You know a place is good when I forget that you’re actually in Egypt (No offence to my Egyptian friends … Cairo is well … Cairo). We debated about going to Europe instead – serious considering ignoring the advice of all of our friends in Europe who warned of rain, rain and more rain. But, as she has done so often, Mother Egypt sucked us back in. So we gave it another try. And thankfully we did.

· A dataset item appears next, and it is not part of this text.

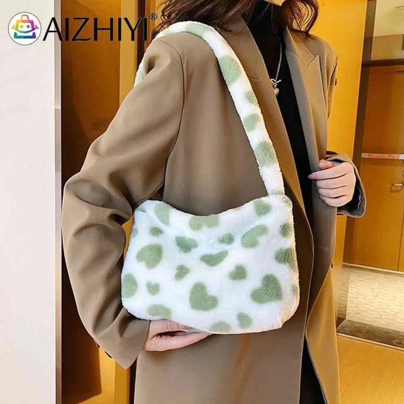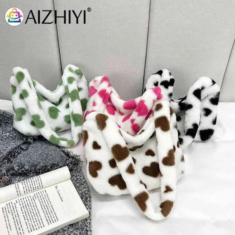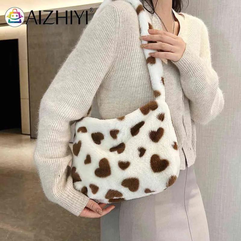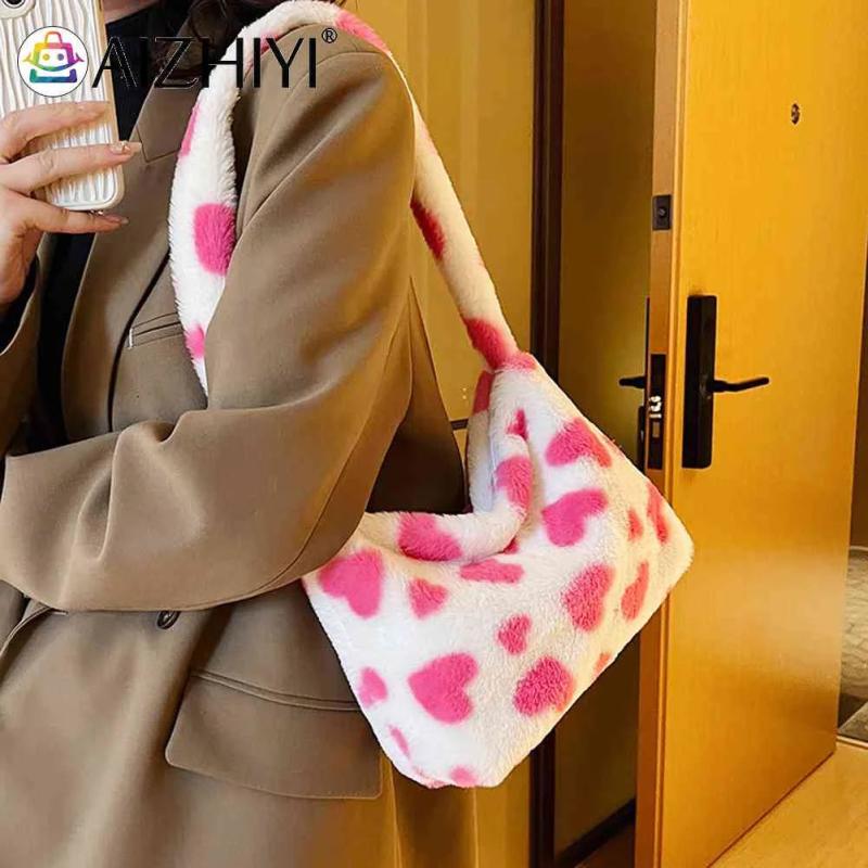 Stay stylish and cozy with this plush shoulder bag featuring a cute love heart print. Perfect for autumn and winter, ideal for holiday parties or casual outings.

Alleyways and livelihoods...
Beyond the tourist trap of Khan Al Khalili, a famous bazaar district filled with rowdy shopkeepers and unimpressed street cats, the backstreets are numbered with winding maze-like alleyways from which foreigners tend to steer clear. The narrow, broken down roads, dishevelled looking characters and smells that I wouldn’t want my worst enemy to inhale may not seem so welcoming at first sight, but with the aid of a helpful young chap by the name of … you guessed it…Mohamed, the end-all be-all name for all Egyptian men that walk this earth, put on his tour guide hat and led us throughout the back alleys where people’s livelihoods are gained.
A full harbour
The remnants of power, greed, sacrifice, love - all inscribed skillfully, methodically along the eroding structures that remain of the ancients. We were one of the very few people touring the marvels of Aswan. While enjoying the incredible Roman-inspired columns of the Philae Temple and the delicious taste of freshly squeezed lemon juice, guilt does tend to creep in, considering the reality of the state that surrounds us. The tourist industry in Upper Egypt has plummeted so severely since the revolution. The livelihoods of the Aswanese, especially of the Nubian community heavily dependent on tourism as their main source of income, have eroded in such a sort span of time. It is no wonder that our tour guides were so happy to host us. As we zip through the waters of the southern Nile, we try to become more conscious of our surroundings. Beyond the stories carved into stone lasting multiple centuries, but of the resilience of those who keep the fire of hope burning, even when the harbour is full of boats.
The triple T's.
I call us the double T's. Typical Tourists (TT). Or maybe I should call us the triple T's? The Typical Tourists (TTT)? There were three of us there anyway. If you're in Cairo, how can you NOT become a triple T when the ancient pyramids of Giza are calling upon you? Time to get into our plaid shirts, put on our arabian turbans and gear up and all. Time to get our triple T's on! A few clips of our midday adventure that probably went on for a little too long. Slept like a baby that night. Traipsing in the desert for hours on end will do that to you! b.